Herd Immunity Strategy to Fight Coronavirus Can Be Dangerous, Experts Warn
TEHRAN (Tasnim) – The World Health Organization's technical lead for coronavirus response said that it's very dangerous to think about herd immunity in the natural sense of letting a virus run.
After months of effort to limit the spread of the coronavirus in the United States, herd immunity has emerged as a controversial topic.
White House Coronavirus Task Force member Dr. Scott Atlas responded to a report on Monday that claimed he is a proponent of a "herd immunity" strategy to combat COVID-19. "I've never advocated that strategy," Atlas said at a press conference in Florida, CNN reported.
Such an approach -- similar to what was pursued in Sweden -- would mean that many people nationwide would have to get sick with the coronavirus in order to build up a natural immunity across communities. As the virus spreads and sickens people, many could die in the process.
Atlas explicitly denied that he is pushing a herd immunity strategy, but an administration official told CNN all of the policies Atlas has pushed for are in the vein of a herd immunity strategy.
Atlas has rejected the need for widespread community testing, arguing that the administration should focus almost exclusively on protecting and testing elderly populations while pushing for the rest of the economy to return to normal, this official said.
"Everything he says and does points toward herd immunity," the senior administration official said.
About 2 million Americans could die in the effort to achieve herd immunity to the coronavirus, Dr. Leana Wen, emergency physician and CNN medical analyst, said on Monday.
Wen told CNN's Brianna Keilar that she has "huge concerns" about a herd immunity approach and much is still unknown about how long immunity to COVID-19 might last.

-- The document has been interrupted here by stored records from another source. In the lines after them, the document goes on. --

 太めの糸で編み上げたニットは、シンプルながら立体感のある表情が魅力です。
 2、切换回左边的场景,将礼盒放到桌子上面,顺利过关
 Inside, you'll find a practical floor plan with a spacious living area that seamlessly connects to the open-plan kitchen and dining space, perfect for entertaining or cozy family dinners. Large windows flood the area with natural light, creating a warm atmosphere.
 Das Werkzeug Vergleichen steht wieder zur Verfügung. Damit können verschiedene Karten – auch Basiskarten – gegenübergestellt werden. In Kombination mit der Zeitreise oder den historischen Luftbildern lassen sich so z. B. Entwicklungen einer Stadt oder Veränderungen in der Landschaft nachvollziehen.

"If we're waiting until 60% to 80% of people have it, we're talking about 200 million-plus Americans getting this -- and at a fatality rate of 1%, let's say, that's 2 million Americans who will die in this effort to try to get herd immunity," Wen said. "Those are preventable deaths of our loved ones that we can just not let happen under our watch."

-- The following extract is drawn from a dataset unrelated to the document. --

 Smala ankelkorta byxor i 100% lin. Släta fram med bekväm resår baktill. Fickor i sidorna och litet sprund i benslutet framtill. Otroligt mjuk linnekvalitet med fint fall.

Maria Van Kerkhove, the World Health Organization's technical lead for coronavirus response, said during a media briefing in Geneva last week that "herd immunity" is typically discussed in the context of vaccinations -- not as a response to a pandemic.

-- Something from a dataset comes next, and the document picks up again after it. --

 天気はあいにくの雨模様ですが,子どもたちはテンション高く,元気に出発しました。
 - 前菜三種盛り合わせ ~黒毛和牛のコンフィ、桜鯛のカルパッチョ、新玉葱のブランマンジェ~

"Normally when we talk about herd immunity, we talk about how much of the population needs to be vaccinated to have immunity to the virus, to the pathogen, so that transmission can no longer take place or it's very difficult for a virus or a pathogen to transmit between people," Van Kerkhove said.
"If we think about herd immunity in the natural sense of just letting a virus run, it's very dangerous," she said. "That means that many people are infected, many people will need hospitalizations and many people will die."
Herd immunity refers to a specific threshold of protection needed for a certain population or community to have against an infectious disease to keep it at bay -- and that protection can come from either prior infections or vaccination, Dr. Amesh Adalja, senior scholar at the Johns Hopkins University Center for Health Security, told CNN on Monday.